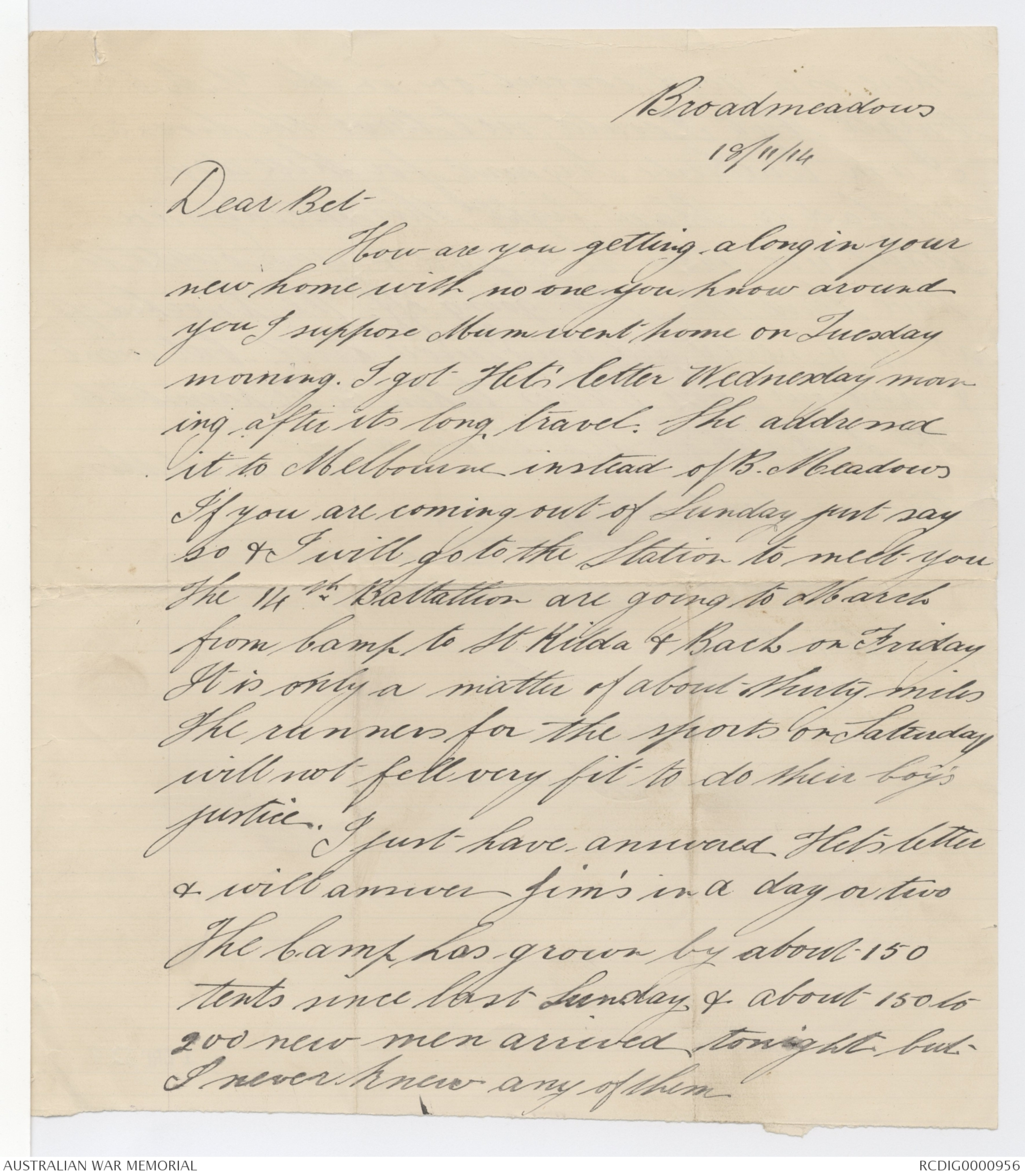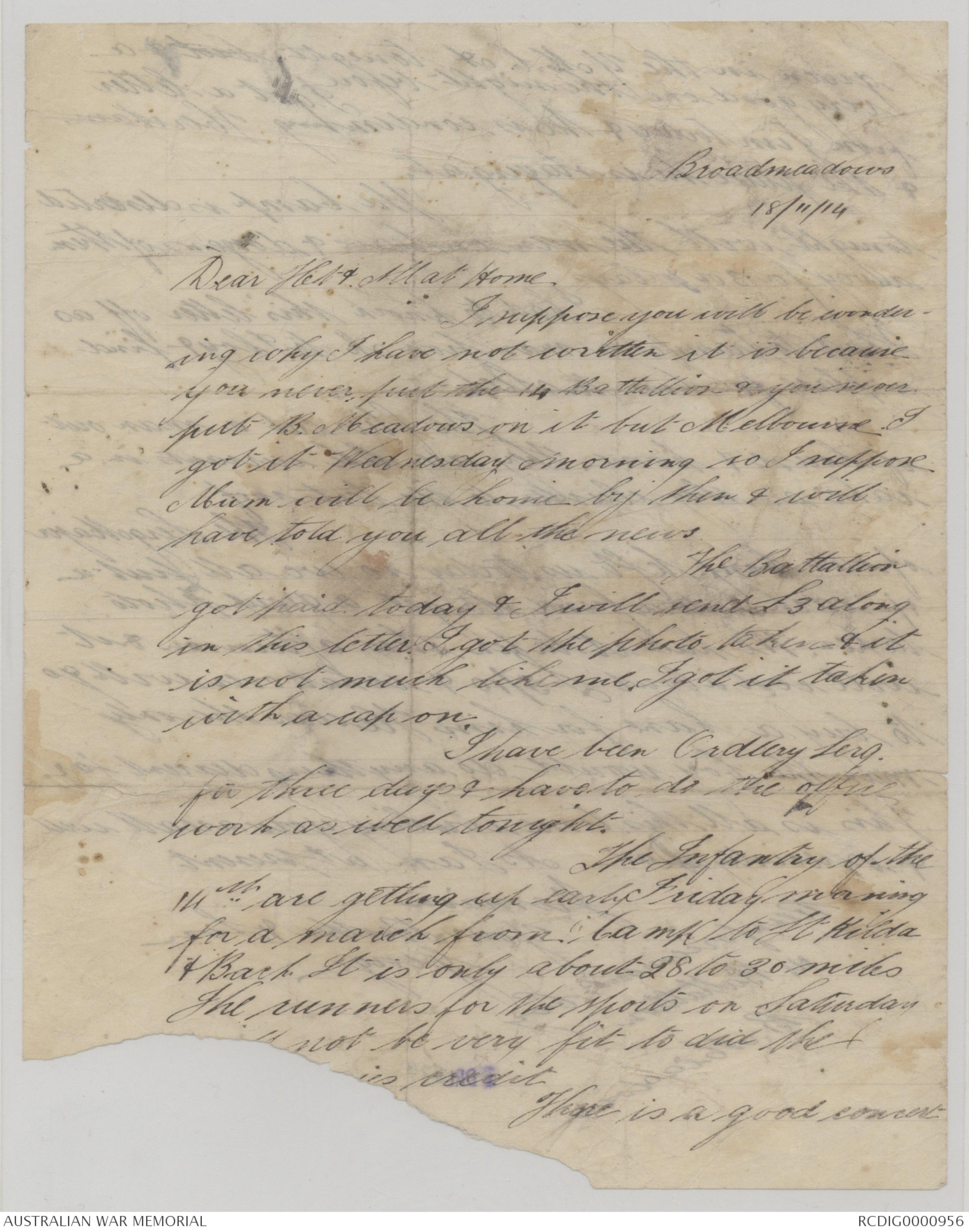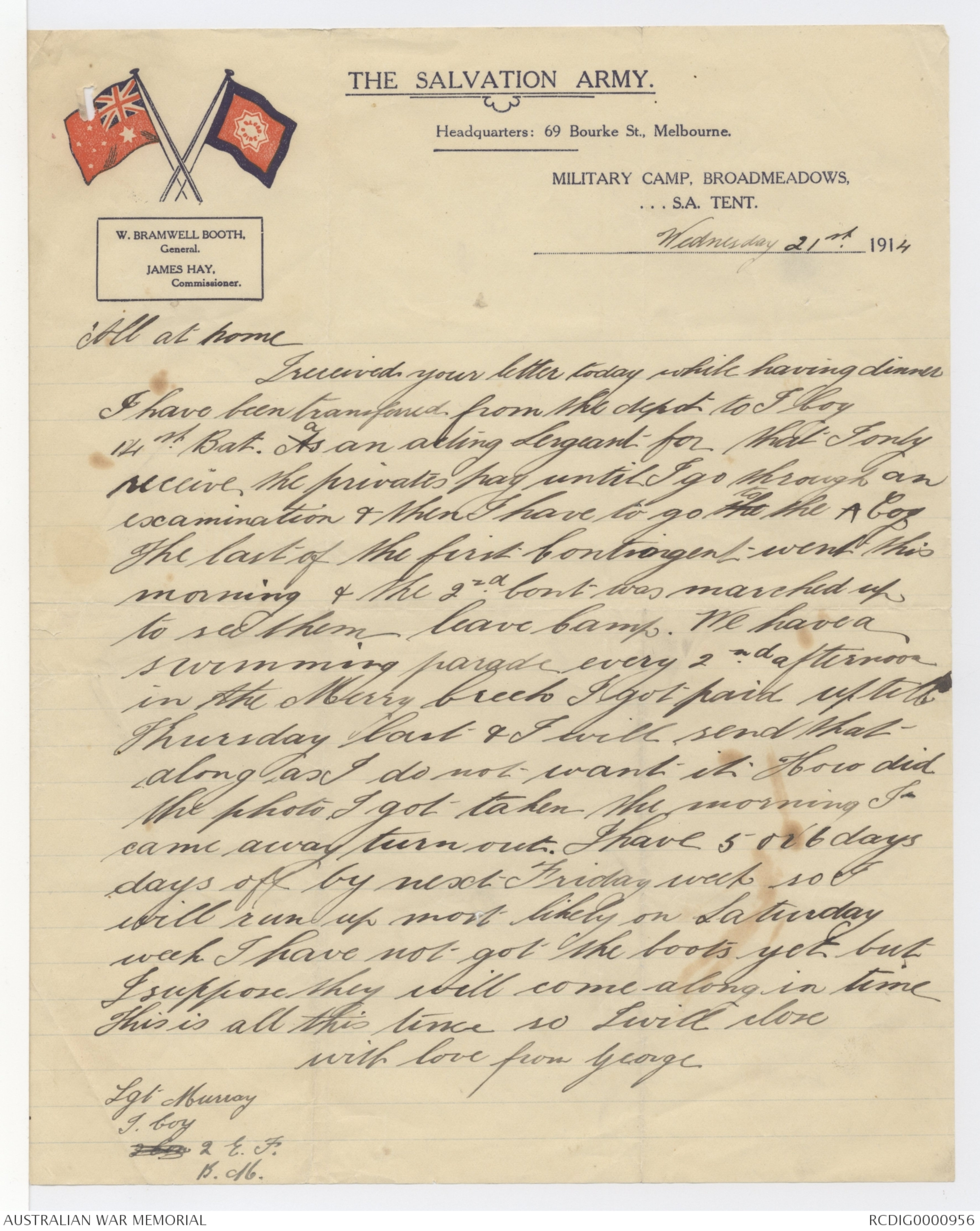Letters from George Alexander Hugh Murray to his family, 1914 - Part 1
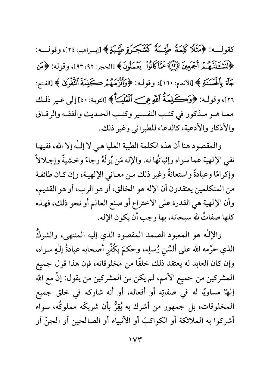 والمقصود هنا أن هذه الكلمة الطيبة العليا هي لا إله إلا الله، ففيها نفي الإلهية عما سواه وإثباتُها له. والإله مَن يُولَهُ رجاءً وخشيةً وإجلالاً وإكرامًا وعبادةً واستعانةً وغير ذلك من معاني الإلهية، وإن كان طائفة من المتكلمين يعتقدون أن الإله هو الخالق، أو هو الرب، أو هو القديم، وأن الإلهية هي القدرة على الاختراع أو صنع العالم أو نحو ذلك، فهذه كلها صفاتٌ لله سبحانه، بها وجب أن يكون الإله.
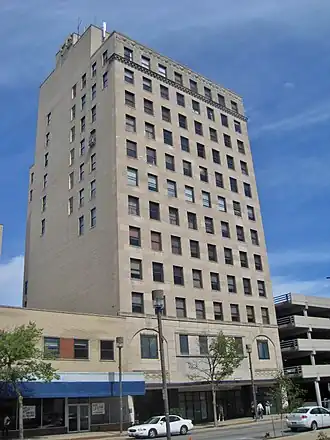In the 1880s, the west side district overtook the east side as the principal commercial center of the city. John R. Porter established a successful pharmacy that stayed in business for over a hundred years. The D. J. Stewart & Company building on South Main Street hosted the Rockford Department Store until it moved into a new Romanesque Revival building in 1893. The Panic of 1893 halted downtown development for another decade. The Soldiers and Sailors Memorial Hall was dedicated by President Theodore Roosevelt on July 3, 1903. Daniel Burnham designed the 1905 Rockford Trust Building in the Chicago School motif.[2]
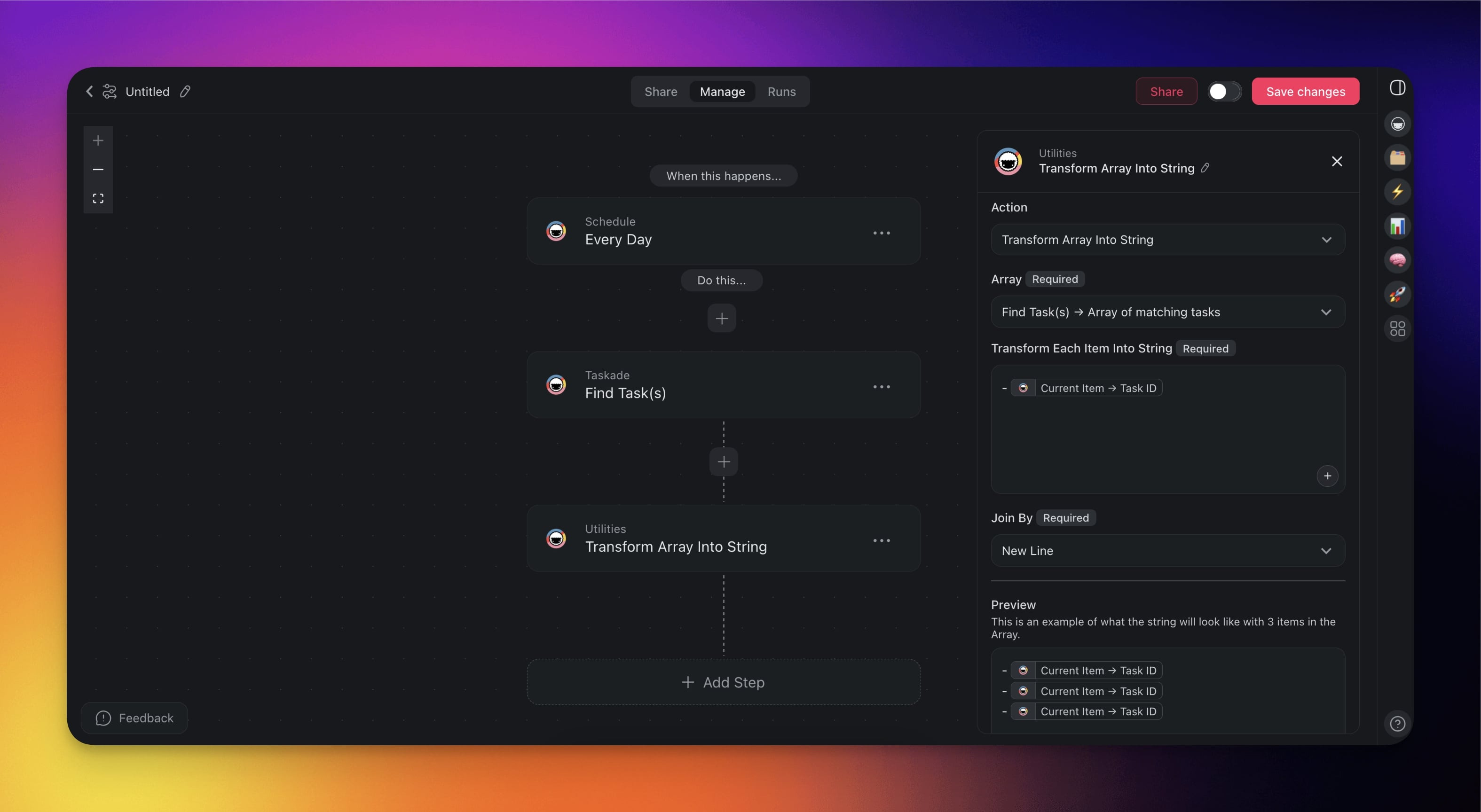 Trigger: Schedule (e.g., 10 AM daily) ā”ļø Find Task(s) ā Status: In Progress ā”ļø Transform Array to String ā”ļø Post summary to a project |
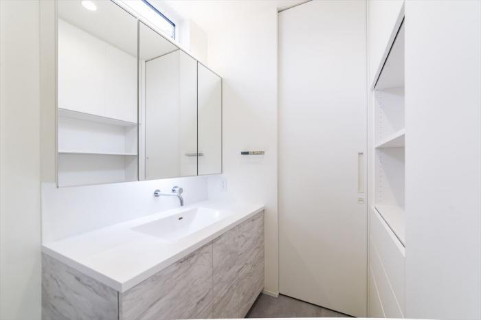 ホテルライクな洗面。たくさんの光が差し込んで明るい。

· · · ·

* [Problem details] Produce an exact copy of the lines from the line with "Trigger: Schedule (e.g., 10" through the last line of the data above, both ends included. No pictures belong in it.

* [Response]
 Trigger: Schedule (e.g., 10 AM daily) ā”ļø Find Task(s) ā Status: In Progress ā”ļø Transform Array to String ā”ļø Post summary to a project |
 ホテルライクな洗面。たくさんの光が差し込んで明るい。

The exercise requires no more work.